Quinn strinse la mascella e contò fino a dieci, cercando di calmare la rabbia che stava montando dentro di lei.

«È un'impicciona.» Disse infine.

«Deve per forza farti delle domande sulla tua vita se vuole aiutarci in qualche modo! E fidati, almeno lei lo vuole!»

«Non voglio parlare della mia vita!» Gridò, esasperata, Quinn, battendo una mano sull'isola della cucina. «Non voglio che un'estranea mi chieda di mio padre, della mia infanzia e di tutte quelle cose che mi sono lasciata alle mie spalle molto tempo fa!»

La tazza che Rachel aveva fra le mani si infranse contro il pavimento della cucina, portandosi dietro l'eco delle urla di Quinn. Il liquido che era al suo interno fece in fretta a propagarsi sul suolo, ad esso avrebbero potuto unirsi le lacrime di Rachel se non () avesse deciso di trattenerle con tutte le sue forze.

«Perché deve essere tutto così maledettamente difficile con te?» Chiese Rachel con la disperazione a bruciarle la gola.

Quinn si passò una mano sul volto. «Perché invece per te è tutto così semplice?» Chiese retorica. «Non sono tutti come te, Rachel. Non hanno avuto tutti la tua vita, non tutti erano chiusi in una bolla d'amore e affetto!» Continuò imperterrita.

«Hai ragione! È ovvio che tu sia stata e sia tutt'ora rinchiusa in una bolla di impazienza ed intolleranza!» Rispose con la rabbia negli occhi.

«Sono stata fin troppo paziente Rachel, credimi!

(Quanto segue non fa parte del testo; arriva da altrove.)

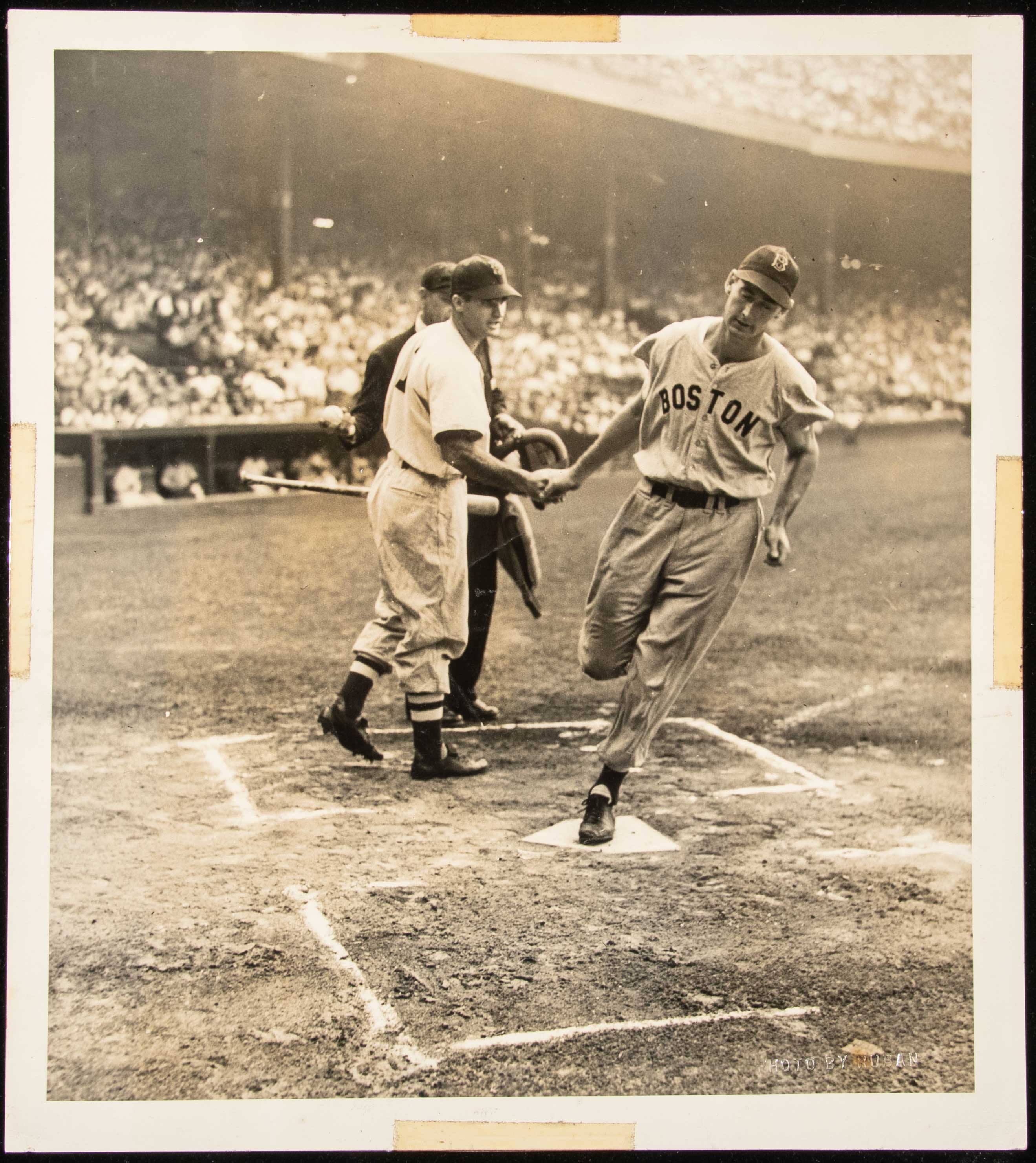 Description:Ted Williams photograph from the Williams Collection c.1940-50s. Large format approx. 11.25"x12.5" sepia tone photo showing Williams being congratulated by fellow Hall of Famer Bob Doerr as he crosses home plate. Light wear to the image portion which has a few minor wrinkles and there is some vintage/toned tape in the white borders on all sides. "Photo by Ruban" impressed stamp at lower right. Includes certificate of provenance from the Ted Williams Collection: VG

Ho resistito alla tentazione di andarmene e lasciarti con quella strizzacervelli da quattro soldi e, a dirla tutta, proprio ora mi sto trattenendo dal dire qualcosa che, puoi credermi, non ti piacerebbe affatto!»

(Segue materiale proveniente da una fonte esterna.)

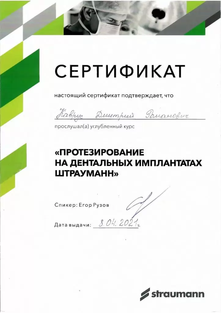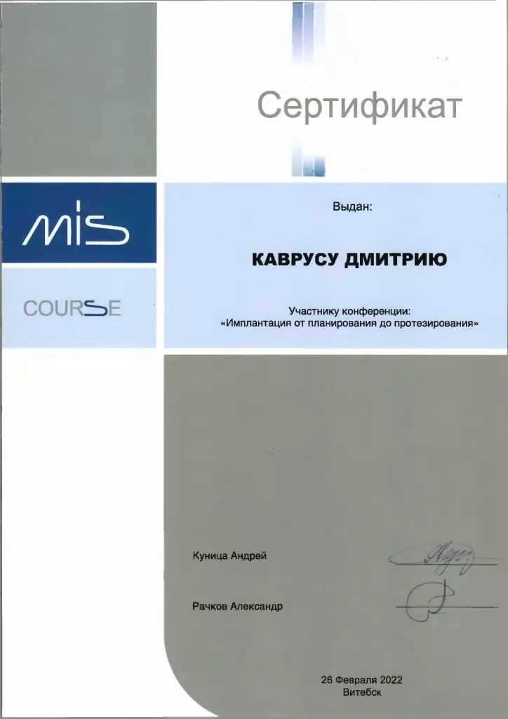 - 29.03.2021-09.04.2021 БелМАПО «Реабилитация пациентов с использованием дентальной имплантации»

«Davvero??» Disse sprezzante. «Me ne meraviglio visto che non fai altro che escludermi dalla tua vita! Forza Quinn, dimmi quello che ti tieni dentro, avanti!»

«Oh, non costringermi, Rachel!» La mise in guardia, con un'espressione che non prometteva nulla di buono. Nei suoi occhi bruciava un fuoco di pura rabbia, che, nonostante tutto, avrebbe preferito non far divampare.

«Oh, non ci provare, Fabray! Non ci provare neanche!» Esclamò Rachel. «Sono stufa di questo comportamento, come pretendi di voler costruire qualcosa insieme se ogni volta che abbiamo un diverbio non fai altro che tenermi a distanza?!»

«Rachel, davvero, basta così!»

«Lo voglio sapere!»

A quel punto Quinn esplose, non riuscendo più a trattenersi.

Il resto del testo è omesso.